In the wake of the withdrawal from Afghanistan, the U.S. needs to seriously consider how it will address strategic deterrence of peer and near-peer rivals in the future. The recent buildup of Russian forces on the border of Ukraine, allegedly as many as 175,000, and the exponentially increasing military assertiveness towards Taiwan, particularly in the form of aerial incursions, are of great concern. These actions indicate that the U.S. may find itself, by proxy, in a large-scale conflict with two nuclear-armed peer rival states soon supporting its allies in the respective regions.

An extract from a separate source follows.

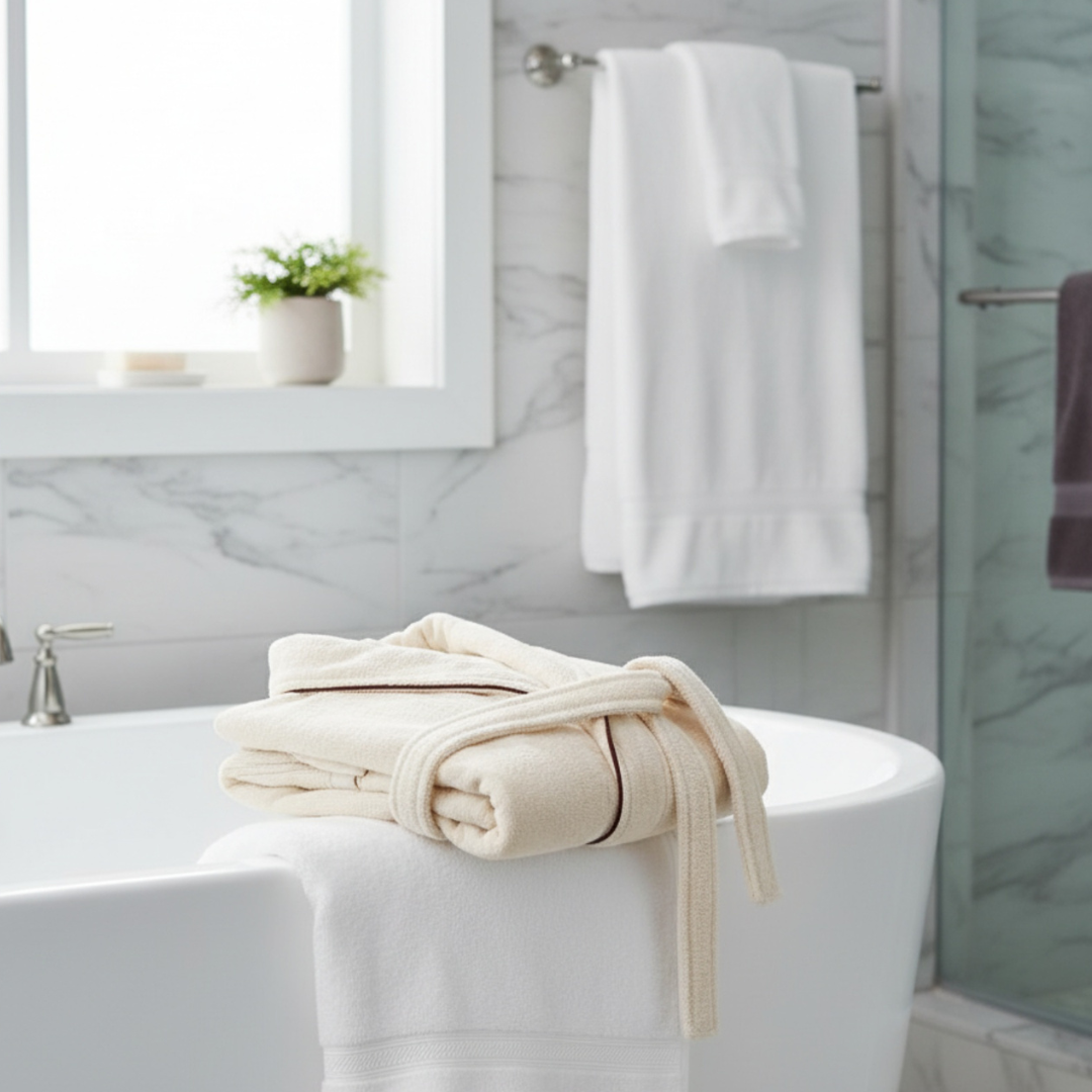 Топлина и Уют: Обгръща тялото и превръща всеки момент след баня в малък ритуал на спокойствие.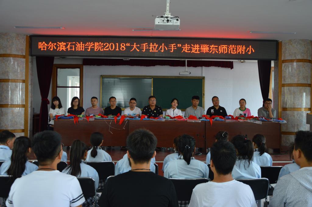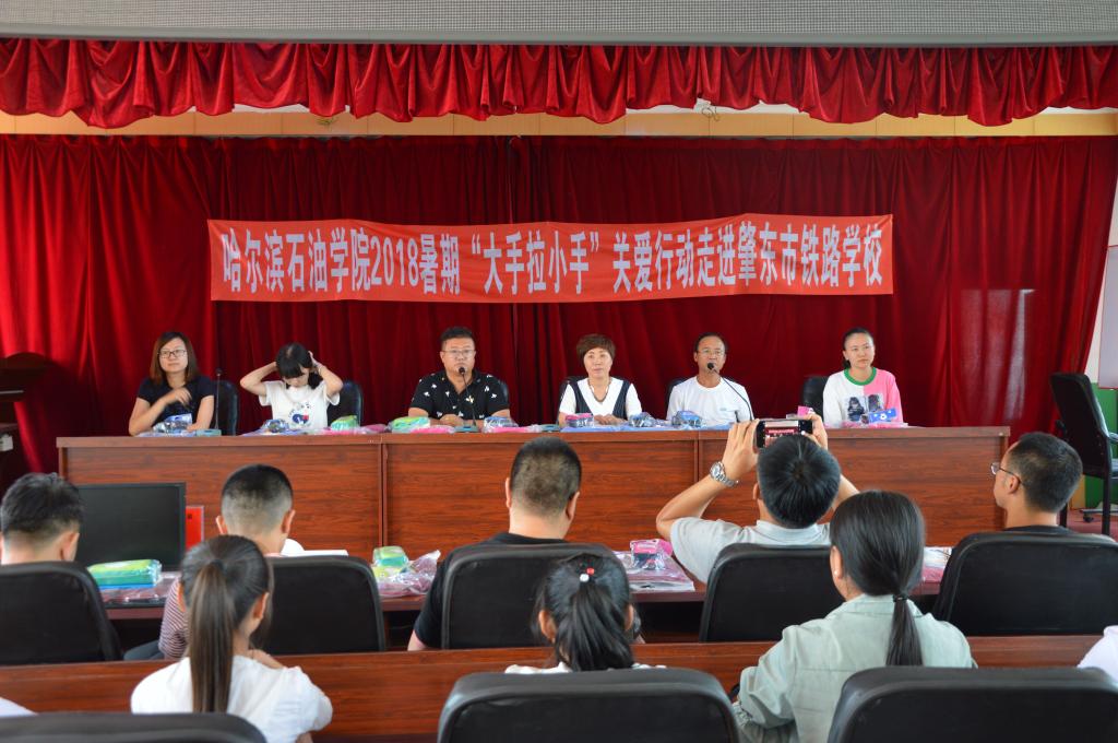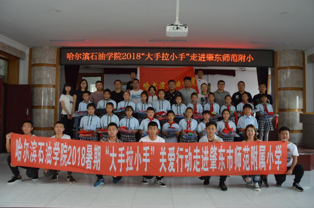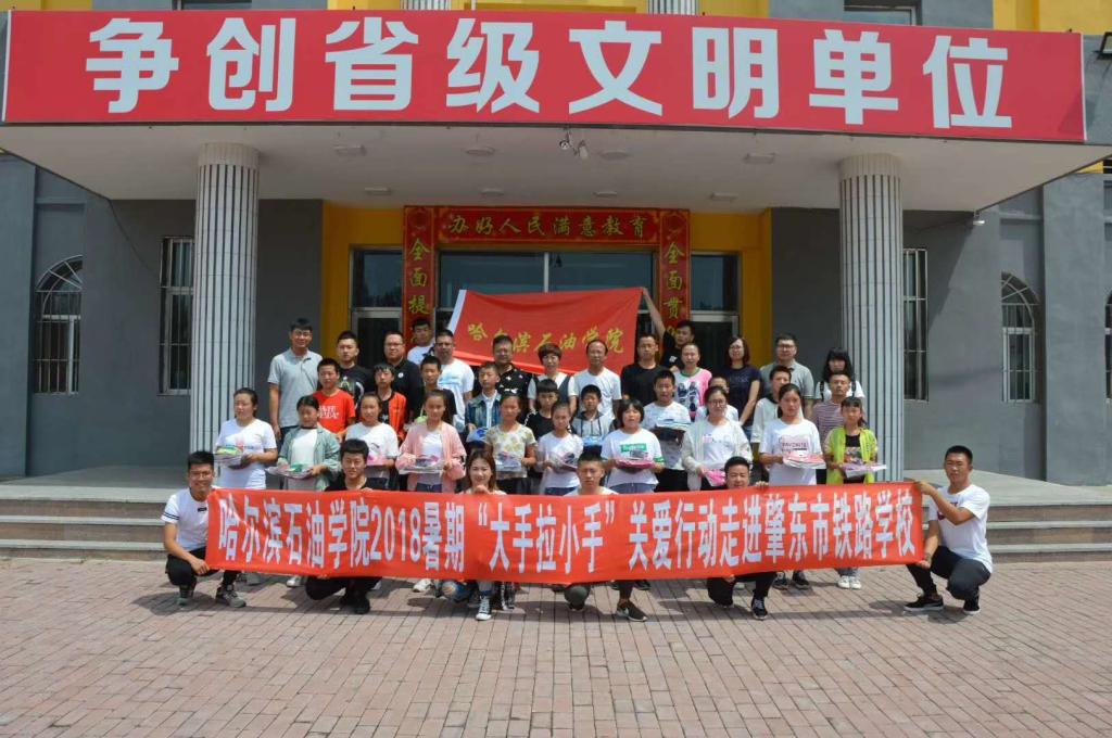 为积极贯彻落实党的十九大精神,根据省委高校工委、省教育厅下发的《关于开展高校大学生与农村留守儿童“大手拉小手”关爱行动实施方案》的部署安排,伟德bv国际体育继2018年1月后,于2018年6月10日再次来到肇东市师范附小、肇东市铁路学校开展“大手拉小手”慰问农村留守儿童的关爱行动。校团委书记王锦石、校团委副书记彭雷、校团委干事冯海龙、肇东市师范附小大队辅导员许咏、肇东市铁路学校党支部副书记韩亚波,副校长孙晓春及各学院团总支书记和伟德官网志愿者代表一行23人参加了此次活动。

After twenty years of fighting, Americans have lost their taste for war and flag-draped coffins, so U.S. decision-makers and senior military leaders need to find workable alternatives. Similarly, many U.S. allies have seemingly lost confidence in its level of long-term dedication to supporting them militarily should the need arise. These options should highlight a limited role of U.S. military intervention and large-scale troop mobilizations yet still project power and deter aggressive actions by hostile state actors. This article seeks to build off strategies proposed in an earlier publication and expand on using irregular, hybrid, and proxy warfare for strategic deterrence.
What is Irregular, Hybrid, and Proxy Warfare?
During World War II, the Special Operations Executive (SOE) and Office of Strategic Services (OSS) engaged in unconventional “ungentlemanly warfare” behind enemy lines. The Global War on Terrorism and subsequent “small wars” have renewed some of these tactics and added elements to redefine the methodology as irregular warfare. Special operations and even conventional forces now engage in stability operations, foreign internal defense, counterinsurgency (COIN), counter-terrorism, and unconventional warfare (DoD 2020).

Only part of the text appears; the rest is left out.